The result of this was that Nehru got directly involved in the discovery of India and thought that it was not only about the freedom of India but about freeing the world of imperialist yolk. His movement touched parts of the Arab world and Asia.


In Parliament, it was a delight to listen to Nehru wrap up debates on foreign policy issues. As a result, I always made it a point to listen to his speeches in Parliament. He talked in terms of great historical movements in his letters to world leaders and even revealed his understanding of global affairs in his letters to his daughter Indira. Thus, Indian freedom movement was part of a major global trend and showed Nehru as an internationalist par excellence.

Nehru believed in a one world government and was very excited with the formation of the United Nations. He looked at the UN as an important step for creating a structure for the world. He was influenced by socialism and said no to the world being divided into two power blocks. He used to say that we will develop out own path and started interacting with global leaders like Tito, Abdul Nasser, Sukarno and Julius Nerere. India became a hub on the non aligned movement.


When the Commonwealth was formed there was a question whether India should remain in it. Nehru worked out a structure which accepted the Queen of England as the head of Commonwealth but not of India.

He was an extraordinary man. He was very dynamic, energetic and passionate about people. I had the opportunity of interacting with him for 15 long years.

Now in the post-Nehru phenomenon, regional organisations like the European Union have proved to be a miracle. For over 30 years, the European nations fought wars and killed each other but they have become a common market and it is easy to travel across the EU.


This has happened in our lifetime. I am convinced forums like ASEAN and SAARC are needed for Asia in international affairs. BRICS is another example of Nehruvian thought that developing countries should come together.

Nehru's concept of non-alignment brought India international prestige among newly independent states that shared its concerns about the military confrontation between the superpowers and the influence of the former colonial powers. New Delhi used non-alignment to establish a significant role for itself as a leader of the newly independent world in such multilateral organisations as the UN and the "non-aligned movement".


The signing of the Treaty of Peace, Friendship, and Cooperation between India and the Soviet Union in 1971 and India's involvement in the internal affairs of its smaller neighbours in the 1970s and 1980s tarnished New Delhi image as a non-aligned nation and led some observers to note that in practice, nonalignment applied only to India's relations with countries outside South Asia.

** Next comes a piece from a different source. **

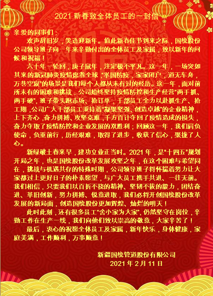 您現(xiàn)在的位置: 新疆國(guó)統(tǒng)管道股份有限公司 > 新聞中心 > 公司新聞 > 正文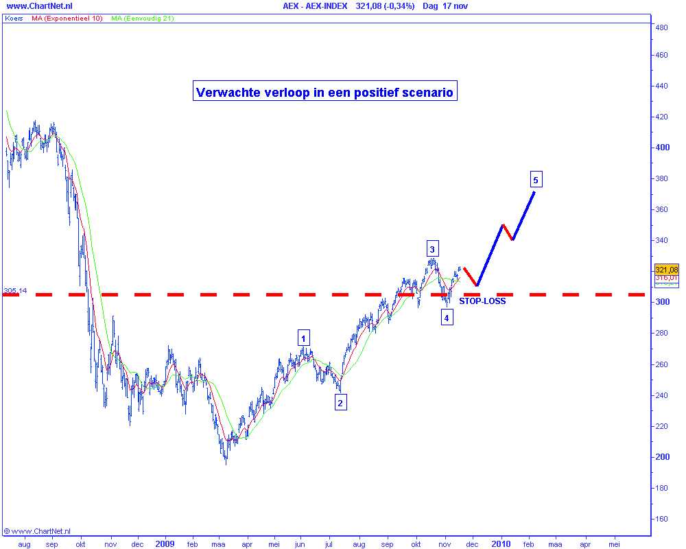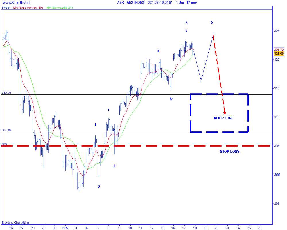 De kansen liggen naar boven. Een kleine correctie en vervolgens nog een nieuwe topje rond 324-326 is mogelijk maar voor dat ik posities inneem wacht ik een correctie af richting gebied 313-307. Een daling onder 305 is een harde stop-loss daaronder mag de AEX niet meer komen in het positieve scenario.

Nehru’s concept of the Panchsheel Agreement, which believed in peaceful resolution of international disputes, and international cooperation to spur economic development, was enhanced by domestic economic reforms. Thus, the 1990s saw India redefining non-alignment and the view of India's place in the world. He was first and foremost a patriot, a great freedom fighter who bravely faced personal privation and misfortune during the struggle, was chosen by Mahatma Gandhi, the Father of the Nation, as his second in command to lead the nation after Independence, was India’s first prime minister, builder of modern India, and initiator of the policy of non-alignment which has since found universal acceptance.

For Nehru the policy of non-alignment was an indigenous product, emanating from India’s long struggle for freedom. So were probably the compulsions of the leaders of the Asian, African and Latin American countries who were able to assert their national identities mainly by adopting the policy of non-alignment.